▶ WHAT YOU ARE ASKED TO DO: Reproduce exactly, and only, the lines below from the one containing "New 100% Linen" through the one containing "Designed to captivate, this".

▶ DATA:

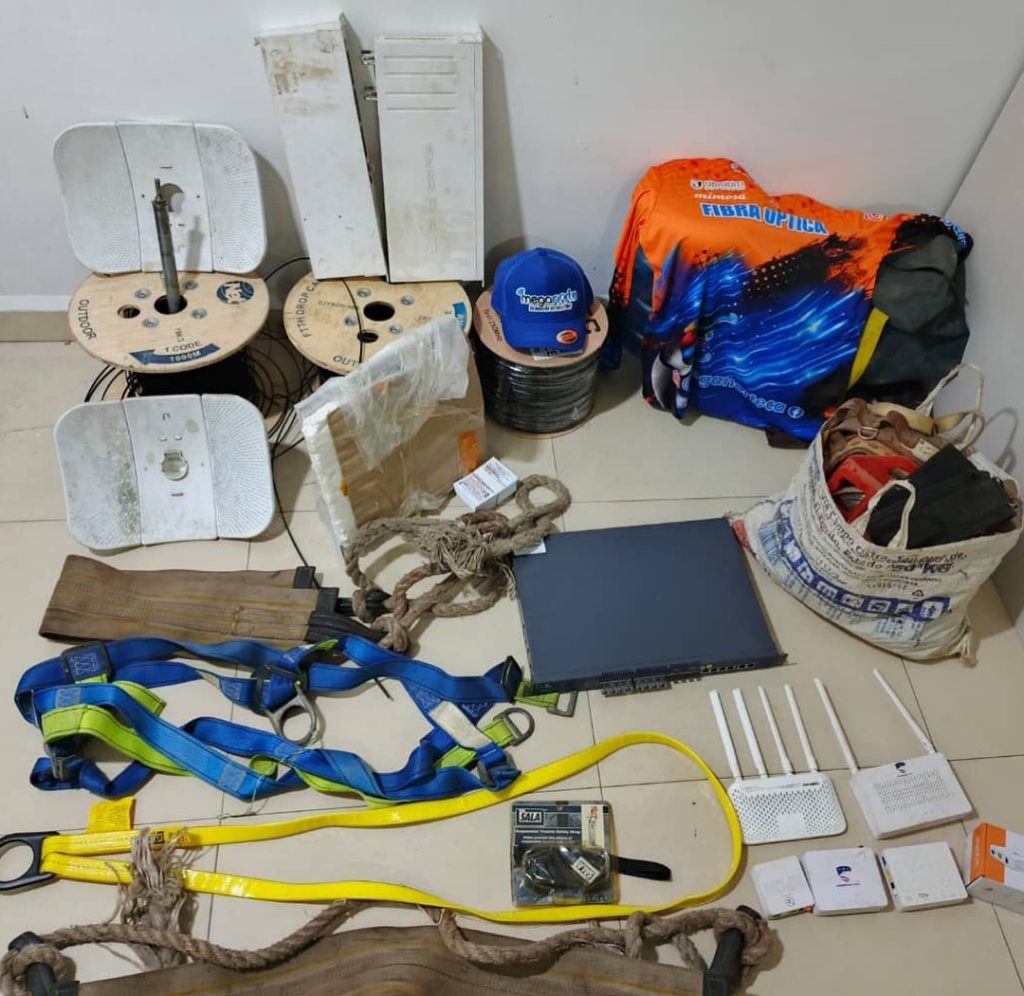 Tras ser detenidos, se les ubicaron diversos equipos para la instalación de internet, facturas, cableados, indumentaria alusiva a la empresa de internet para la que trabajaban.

...

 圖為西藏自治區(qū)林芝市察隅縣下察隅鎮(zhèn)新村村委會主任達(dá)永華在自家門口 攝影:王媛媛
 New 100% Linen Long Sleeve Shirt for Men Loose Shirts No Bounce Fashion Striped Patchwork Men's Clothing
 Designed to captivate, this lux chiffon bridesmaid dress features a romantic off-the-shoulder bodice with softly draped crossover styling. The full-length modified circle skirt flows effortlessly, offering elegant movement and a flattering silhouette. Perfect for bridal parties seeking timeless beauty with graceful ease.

▶ RESULT FOR THIS TASK:
 New 100% Linen Long Sleeve Shirt for Men Loose Shirts No Bounce Fashion Striped Patchwork Men's Clothing
 Designed to captivate, this lux chiffon bridesmaid dress features a romantic off-the-shoulder bodice with softly draped crossover styling. The full-length modified circle skirt flows effortlessly, offering elegant movement and a flattering silhouette. Perfect for bridal parties seeking timeless beauty with graceful ease.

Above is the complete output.